Re: LIST-LENGTH & circular lists Sergei Egorov (19 Feb 1999 20:23 UTC)
The type-name prefix convention and LIST-... Olin Shivers (20 Feb 1999 00:22 UTC)

The type-name prefix convention and LIST-... Olin Shivers 20 Feb 1999 00:25 UTC

   From: "Sergei Egorov" <xxxxxx@informaxinc.com>
   Date: Fri, 19 Feb 1999 15:22:43 -0500

   Does this proposal imply that (LENGTH "abc") and (LENGTH '#(a b c)) return
   0? If it does, it will conflict with probably more 'natural' attempts to
   generalize LENGTH to accept other kinds of sequences. Calling it
   LIST-LENGTH does not affect existing programs and does not introduce any
   potential conflicts.

You can't fix this issue by simply changing the name LENGTH to LIST-LENGTH,
because it is pervasive throughout list-lib. You would have to change the
names of all these procedures:
   first second third fourth fifth sixth seventh eighth ninth tenth
   take drop take! drop! last (times 2, most likely, if we split these l/r)
   zip unzip2 unzip3 unzip4 unzip5
   append! reverse-append reverse-append!
   unfold unfold/tail foldl foldr reducel reducer
   append-map append-map! map! filter-map map-in-order
   filter  partition  remove
   filter! partition! remove!
   find any every
   del  delq  delv  delete
   del! delq! delv! delete!
   mem ass
   delq-duplicates  delv-duplicates  delete-duplicates  del-duplicates
   delq-duplicates! delv-duplicates! delete-duplicates! del-duplicates!
   reverse!
   append reverse
   member memq memv assoc assq assv
   map for-each

Any future generalisation of these functions to some sort of "sequence generic"
functions or OO messages will have to postulate an alternate module binding
these names to the generic functions/messages. I'd suggest that such a spec
would come in two parts: a spec for the new library, and a spec giving an
alternate set of bindings for the list-lib procs.

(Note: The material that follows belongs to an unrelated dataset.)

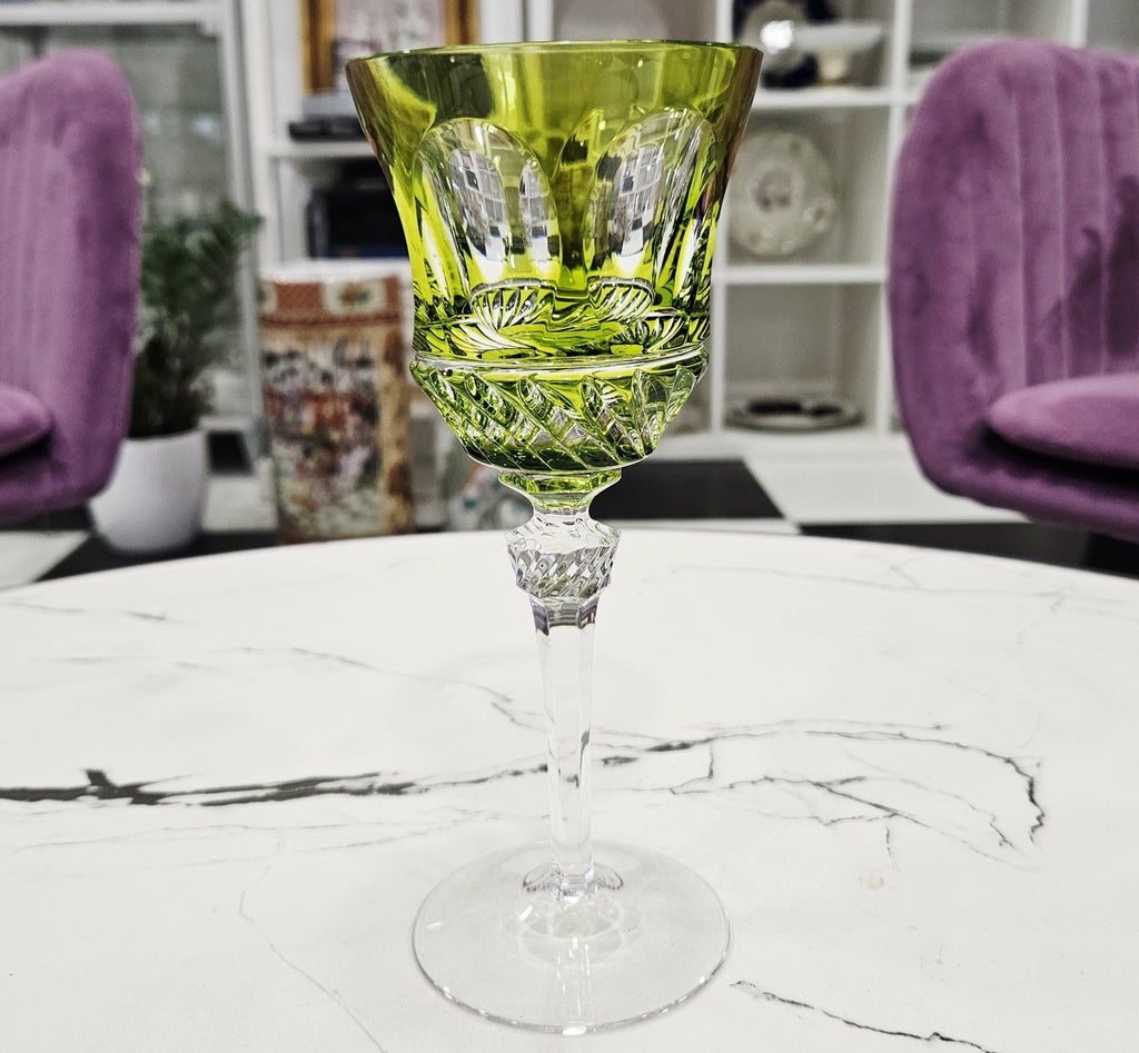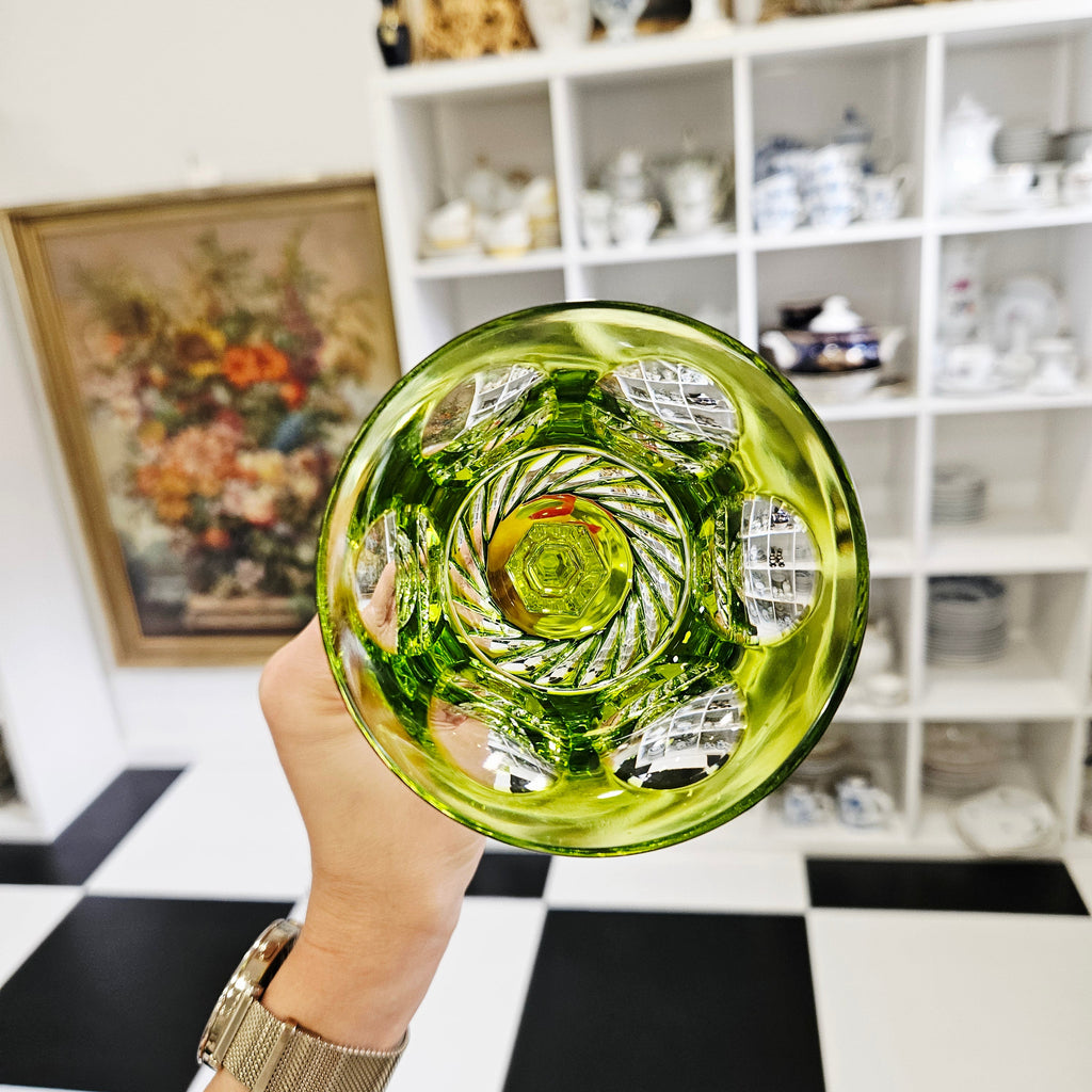 Dieser raffinierte Kelch in antikem hellgrünem Kristall ist ein wahres Schmuckstück im klassischen Stil. Er ist aus handgeschliffenem Kristall gefertigt und mit komplizierten Mustern verziert, die das Licht spielerisch reflektieren und ein exquisites Funkeln erzeugen. Der anmutige, transparente Stiel und die zart profilierte Form des Kelches unterstreichen seine Eleganz. Perfekt für Sammlungen und luxuriöse Tischdekorationen.

But this is really outside the bounds of this SRFI. I'm not willing to
pervasively tack "LIST-" onto the front of all these names; it would lard
up the names too much and would also break with current code practice in
what seems to me to be gratuitous fashion.

   Even with LIST-LENGTH, I still think that the proposed terminology shift
   is not justified in general LISP/Scheme context. The fact that
   (LIST-LENGTH 5) returns 0 makes you expect (LIST? 5) to return #t
   etc. What was wrong with IMPROPER-LIST?

Yes, this is a good point. If you have the notion that everything is a list,
then any procedure named LIST? that isn't (LAMBDA (X) #t) is probably going
to cause some confusion. This is exactly why my "Everything is a list"
msg proposed these three predicates, which *aren't* misleading in this
context:
    circular-list? x -> boolean
    proper-list? x -> boolean
    dotted-list? x -> boolean

IMPROPER-LIST? is a perfectly fine thing. It's either of these:
    (conjunction circular-list? dotted-list?)
    (negate proper-list?)
Given that PROPER-LIST? exists, is it important to define IMPROPER-LIST?

Just to reiterate, I am now proposing to punt LIST? for exactly this reason,
in favor of PROPER-LIST?, CIRCULAR-LIST?, DOTTED-LIST?.